College Football Programs are Getting Wildly Creative in Trying to Land This 4-Star Prospect

College football recruiters have refined their skills using Photoshop.

Jackson Carman is rated as the third-best offensive lineman in the state of Ohio and 64th nationally, according to, which means the Fairfield High School junior is garnering serious interest from many major college football programs across the country. Carman has already been targeted by Ohio State, Clemson, Tennessee, Georgia, Michigan State and Alabama; and yesterday, he took to his Twitter account to share with his followers all the ways those schools are trying to pique his interest with their first round of recruitment letters. Hint: it involves a lot of pretty legit Photoshop work.

RELATED: 4-Star High School Cornerback Completely Covers Himself if Recruitment Letters

Ohio State's communication might be the most legit. The Buckeyes sent Carman a photo depicting the 6-foot-6, 250-pound lineman in an Ohio State uniform hoisting the national championship trophy, along with a graphic that depicts the journey that joining OSU would set Carman on, from winning the Heisman to being drafted into the NFL to entering the Hall of Fame.

Clemson turned Carman into his very own cartoon, decked out in a full Tigers uniform. Carman liked it so much that he contemplated turning it in to his new Twitter avatar.

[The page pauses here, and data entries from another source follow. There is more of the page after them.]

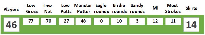 Skirts were at an all time record high of 14 including the somewhat tardily recorded Brandon Curson. The rule about standing behind the line of the tee box when a player is teeing off applies 110% for Brandon as backwards is about the only direction he was not to hit it from the tee today. We can expect a steady stream of skirt income from Brandon, at least until he gets that driver under control!!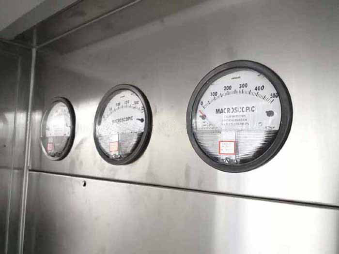 在其旁有壓差計,測試過濾器的阻力在送風箱體的內部還有排風調節板,可以調節設備的排風量在合理的范圍內(設備安裝就位后,由專業人員設試,請勿擅自調整)。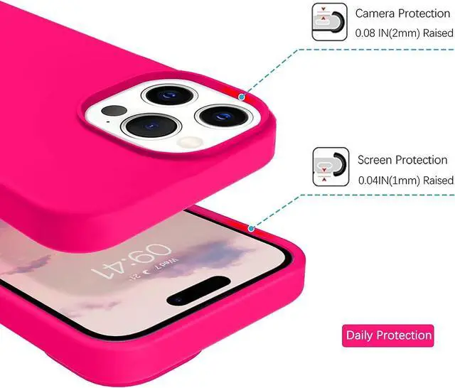 COMPATIBLE with iPhone 14 Pro Max 6.7 Inch : Hot Pink liquid silicone slim case for iiPhone 14 Pro Max Case 6.7 Inch (2022 New Released) ONLY, giving a reasonable amount of drop protection for your smart phone. Its simple yet brightens the iPhones character, the minute you put this on your iPhone you will never look back.
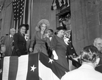 President Truman's visit to Fort Worth. Left to right: Amon G. Carter, Margaret Truman (daughter of U. S. President Harry Truman), Minnie Meacham Smith Carter (wife of Mr. Carter) and Bess Truman (wife of President Truman). All three women have flowers pinned to their blouses. The group is standing on a viewing platform.

Georgia came with the photoshop of what Carman's locker setup would look like if he would choose to become a Bulldog, with the words "A New Breed of Red and Black" written across the top of the photo.

Finally, Tennessee kept things more subtle, creating a still image of Carman going through a blocking drill on the field in Knoxville in full Volunteer uniform, giving Carman a glimpse of what his future would look like should he choose the Vols.

College football recruiting, as it has forever been, is crazy competitive. Carman's tweets give us a little insight into all the creative ways schools try to grab a kid's attention.